O projecto Violência Zero em números
A Covid 19 veio agudizar e intensificar uma outra pandemia, a pandemia da violência doméstica e da violência contra as mulheres.
Uma maior permanência em casa, uma convivência familiar mais próxima, por vezes em espaços exíguos, numa situação económica que de um modo geral tende a tornar-se mais precária fez com que as violências vividas se viessem a agravar. O lar doce lar para muitas mulheres vítimas de violência não é um porto seguro, mas o cenário de uma guerra que é vivida dia após dia.
O Dia 25 de Novembro, declarado pela ONU como dia internacional para a eliminação da violência contra as mulheres vem lembrar que esta forma de violência não pode ser confundida com todas as outras porque tem raízes específicas. Há um problema estrutural de desigualdade de poder em desfavor das mulheres que perpassa toda a nossa sociedade e que faz com que uma em cada quatro mulheres com mais de 15 anos viva ao longo da sua vida pelo menos uma situação de violência. Este problema tem impacto nas mulheres, nas suas crianças, nas famílias e em toda a sociedade. Basta lembrar que as 16 mulheres que este ano foram assassinadas no âmbito de relações de intimidade deixaram 21 órfãos.
Mas vemos as notícias, ouvimos os relatos e quantas vezes a culpabilização das vítimas é explicitada nas referências ao modo como cozinhavam, respondiam, se vestiam ou outras? Face aos agressores, vemos pelo contrário uma tendência para a naturalização: é a crise, foi o álcool, foi o desemprego, como se estes problemas pudessem justificar os atentados contra os direitos humanos das mulheres.
Os pedidos de apoio caíram vertiginosamente no período de confinamento, momento em que registámos uma quebra de 75%, pelas dificuldades em pedir ajuda que a coabitação implica.
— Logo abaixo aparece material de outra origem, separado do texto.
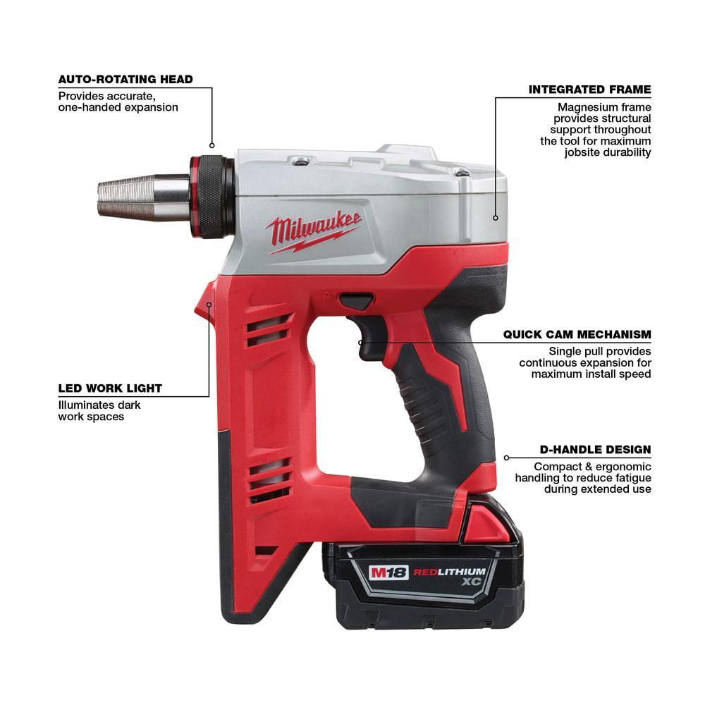 The M18 Cordless lithium-ion ProPEX Expansion Tool features an auto-rotating head for convenient 1-handed operation. A D-handle design and integrated magnesium frame offers maximum jobsite durability, while the quick cam mechanism delivers precise, continuous expansion for 3/8 in. to 1-1/2 in. ProPEX connections. Designed specifically for Uponor ProPEX, the M18 ProPEX Expansion tool is built to make effortless installations faster than other tools available.
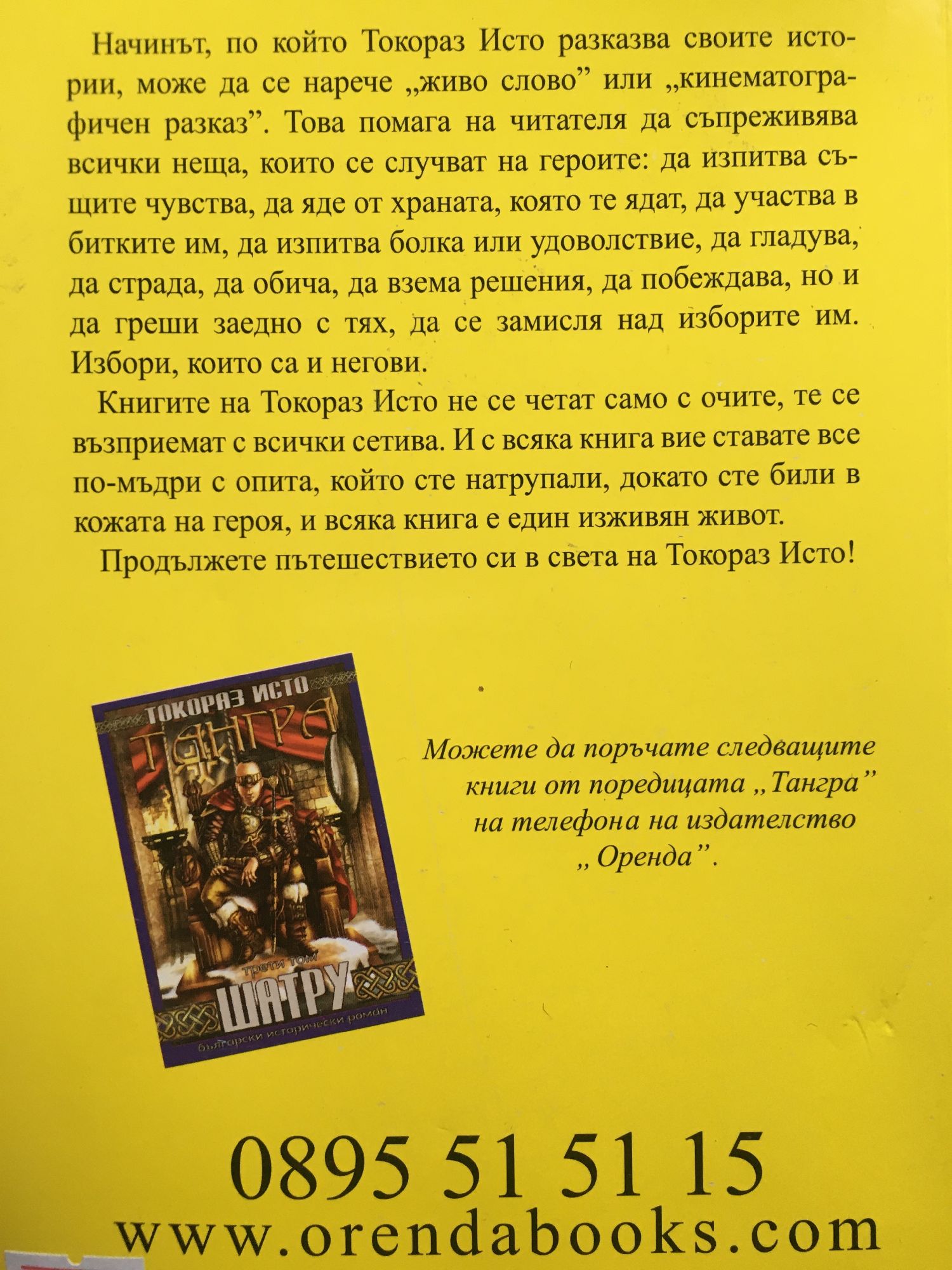 Начинът, по който Токораз Исто разказва своите истории, може да се нарече „живо слово” или „кинематографичен разказ”. Това помага на читателя да съпреживява всичко неща, които се случват на героите: да изпитва същите чувства, да яде от храната, с която се хранят, да участва в битките им, да изпитва болка или удоволствие, да гладува, да страда, да обича, да взема решения, да побеждава, но и да греши заедно с тях, да се замисля над изборите им. Изборите, които са и негови. Книгите на Токораз Исто не се четат само с очите, те се възприемат с всички сетива. И с всяка книга вие ставате все по-мъдри с опита, който сте натрупали, докато сте били в кожата на героя, и всяка книга е един изживян живот.

Neste momento o número de pessoas em acompanhamento está já ao nível de 2019. Sabemos que há mais violência doméstica, mas também que o acumular de medos que a pandemia comporta, relacionados com a crise económica, com a convivência, com a menor mobilidade os abafam. É importante que estejamos atentas e atentos, como colegas, como vizinhos, como familiares, porque a violência que agora vivemos poderá ter efeitos traumáticos a longo prazo.
Este ano, até 31 de Outubro, acompanhámos 212 situações de violência doméstica, fizemos 347 atendimentos presenciais, não obstante as limitações e 1404 atendimentos telefónicos. Em 75% dos casos foi apresentada queixa.
Queremos deixar também uma mensagem de esperança. Este ano, dos 103 novos casos que acompanhámos 38 libertaram-se a que acrescentamos mais 12 que estavam em acompanhamento desde anos anteriores. No total, vimos 50 mulheres tomarem conta dos seus destinos e libertaram-se do ciclo da violência.
Este é um trabalho que coordenamos, mas que resulta de um esforço colectivo, partilhado diariamente com muitas outras organizações. Com as forças de segurança que receberam mais 220 queixas e que encaminharam para atendimento 30 % dos casos acompanhados pelo Gabinete da CooLabora, as unidades de saúde, como o Centro Hospitalar, o ACES e o CRI, que encaminharam 15% dos casos, a Ordem dos Advogados, o Ministério Público e o Tribunal, que entre muitas outras acções implementaram medidas de segurança fundamentais para as vítimas, o Instituto de Medicina Legal, o Centro de Emprego e a Segurança Social, mas também das escolas e a Universidade da Beira Interior, as três CPCJ da região e as três autarquias: Belmonte, Covilhã e Fundão. Sem eles nada disto teria sido assim. É esta articulação e empenho de todos e todas que este ano mais uma vez tornou possível termos uma rede que protege e que faz a diferença de forma indelével na vida de tantas mulheres, de tantas famílias e de todos e todas nós.